My Mamaw couldn’t live forever, though, and when I was seventeen, she passed away. The grief I felt was sudden–like air bags deploying in a head-on car accident. I had no time to comprehend what had happened, and all I felt was a fog that made it even harder to grasp what was happening. The night I found out I cried into my pillow from a feeling of guilt I couldn’t shake off. Six months prior I began to come out to my family but was on the fence of telling Mamaw. Ultimately, I decided against it but realized the mistake I made as I kept such an important part of myself from her.
When my Mamaw was a little girl, she formed the trails in what my family calls the Back-40. Each day she would run into the mountains at the corner of the family farm and create new trails to explore the mountains of East Tennessee, kicking leaves and stomping over briars to create a place that she could call her own.
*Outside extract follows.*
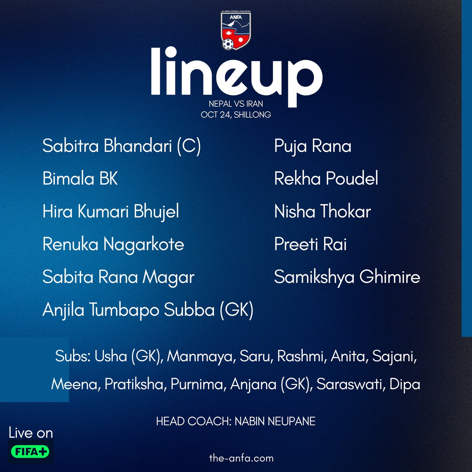 यस्तो छ नेपालको शुरुवाती ११ : एन्जिला तुम्बापो सुब्बा(गोलकिपर), बिमला विक, हिरा कुमारी भुजेल, समिक्षा घिमिरे, निशा थोकर, पुजा राना; रेनिका नगरकोटी, प्रिती राई, सविता राना मगर; रेखा पौडेल, सावित्रा भण्डारी(कप्तान)

Mamaw never went far from that farm, and she decided she would settle there and raise her own family on the same plot of land she had been raised on, just 50 yards away from the Back-40. Like Mamaw had done, her kids forged new trails deeper into the mountains and had their own explorations as they grew up. The Back-40 became a special sort of place where new experiences felt limitless. As time went on, my Mamaw’s kids grew up and traversed the Back-40 less and less.
Yet my favorite place in the world was the Back-40. It felt like home to me as I walked through the trails that my family had for so many years before wandered. I could walk through the footpath for hours feeling safe and comfortable in the knowledge that these mountains were mine. They had raised me and made me who I am. My favorite route was one that branched off from the wide and beaten old trail my grandmother had first blazed so long ago. From what I know it’s a path that she had tried to make but couldn’t get past a boulder that walled off any further progress. My Mamaw told me she used to walk that beaten track all the time attempting to figure out a new route, but always turned back at the frustration of finding nothing new. She said eventually it turned into her ‘trail of frustration’ where she’d go when she was feeling upset about something. This made sense to me since the area was the most scenic path of them all, with ferns lining the tiny walkway and beautiful sycamores looming over to provide shade. Like her, I would take this route to clear my mind and let go of whatever it was that I couldn’t get past.
I continued to use this path to ease my mind and let my frustrations out. The trail offered a sense of comfort that no living person could provide. The sycamores offered comfort as they quilted me in their embrace along the trail. The ferns would hug my ankles as I’d step on this narrow strip of dirt to no particular destination. One afternoon years after her death when I was a college student, I walked deeper into the forest trying to clear my mind, still holding on to the guilt. I could not let go of holding such a secret back from the woman who was second in charge of raising me. The realization that she would never be back and that I could never right that wrong was fastened within me for what felt like forever.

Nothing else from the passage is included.